Sale of rent-geared-to-income housing continues

The Peterborough Housing Corporation (PHC) has sold 32 of its 50 single-family homes in the Collison Heights neighbourhood, PHC board members were advised at their regular meeting last month. The sales have brought in about $9 million in revenue for the corporation.

The 50 units have long been part of the PHC’s stock of rent-geared-to-income (RGI) housing in Peterborough. City council gave approval to sell the houses in 2014 as part of a plan to finance other housing projects, most notably the PHC’s two new developments on Bonaccord Street.

The houses are only sold when tenants vacate them, according to PHC’s interim CEO Hope Lee, and tenants have been given an opportunity to purchase the houses themselves if they are able. The plan is to continue selling the remaining houses as tenants move out.

According to a recent report from city staff, the houses were fetching about $360,000 in early 2021. But more recently, they’ve been going for between $400,000 and $450,000, the report stated.

At least one of the units was turned into a market-rate rental after it was sold. An online listing in October offered 290 Denne Crescent, a three-bedroom unit, for $2,200 (not including utilities) per month. 

As a service manager under the provincial Housing Services Act, the City of Peterborough is required to ensure the provision of 1,569 units of rent-geared-to-income housing locally.
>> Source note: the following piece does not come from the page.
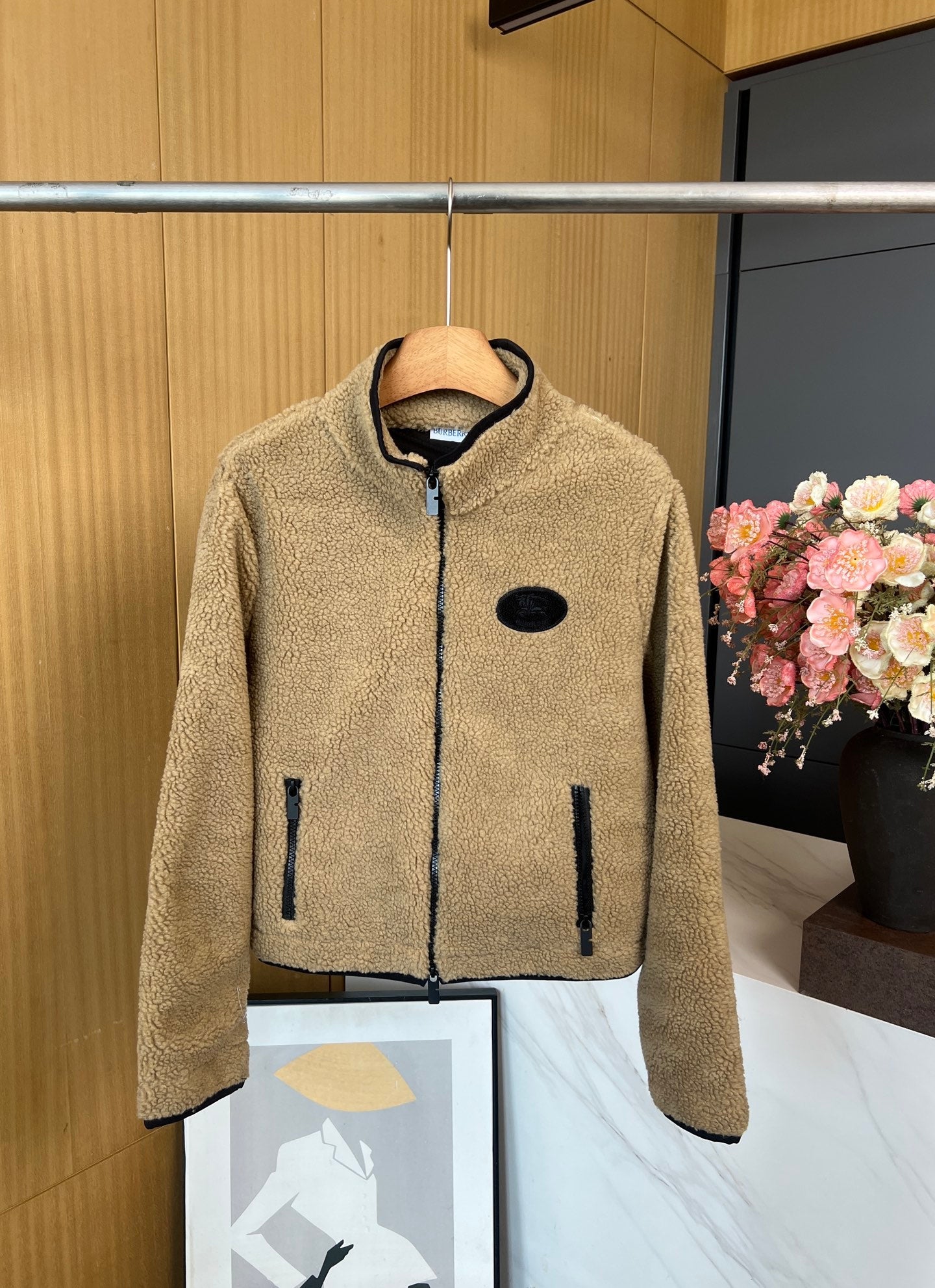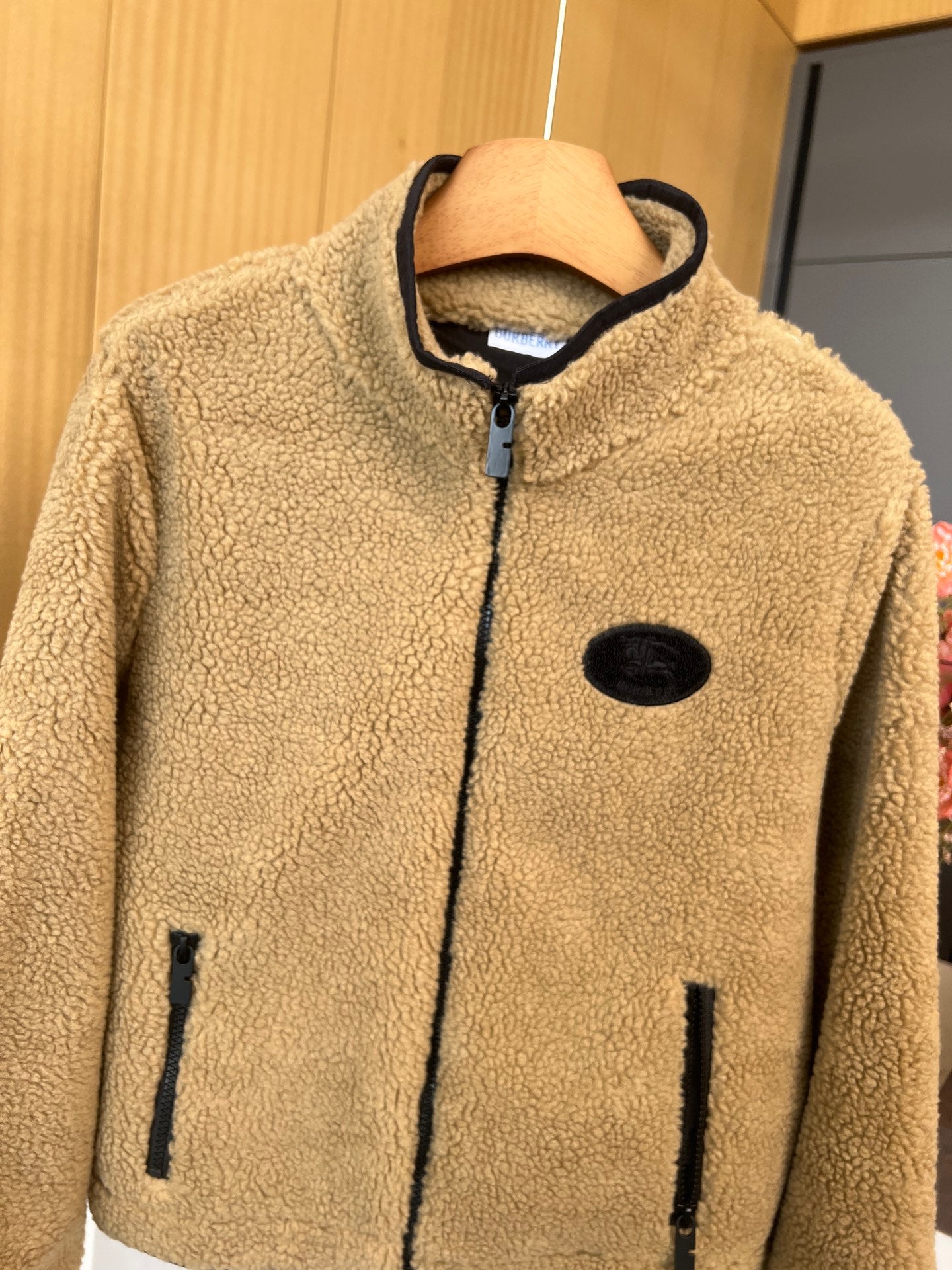 Burberry 25 Short Jacket Camel mix Black Shearling Fabric

Lee confirmed by email that the units in Collison Heights have previously counted toward meeting that standard.

“With any sale of an RGI there is the commitment to replace that RGI elsewhere – typically in the new developments,” Lee writes. 

However, the apartments in Malcolm Court, the first of the two Bonaccord developments, are not RGI. Their rent is calculated to be 80 percent of the average market rent — a level of affordability that is significantly lower than RGI.

“There are no replacement units in the first phase [of the Bonaccord development] and we are still finalizing the model for phase two,” Lee writes. “We will consider replacement units in developments going forward.”

In December, city council approved a plan that will see the City step in and purchase some of the Collison Heights houses to save them from falling into private ownership. The City will spend up to $940,000 of provincial money for this purpose.

“The purchase of these units will ensure that they remain in public ownership,” a report to council outlining the plan stated. “The units would be maintained as rent geared to income units rather than be transferred into private homeownership as originally planned.”

This plan will only allow for the City to purchase two units, judging by the recent price trends. With 18 houses still owned by the PHC as of the end of 2021, it’s expected that private market sales will continue in the coming months and years.

Correction: A previous version of this article stated that PHC had sold 33 of its 51 units in Collison Heights. At the time of writing, PHC had, in fact, sold 32 of 50 units. Peterborough Currents regrets the error.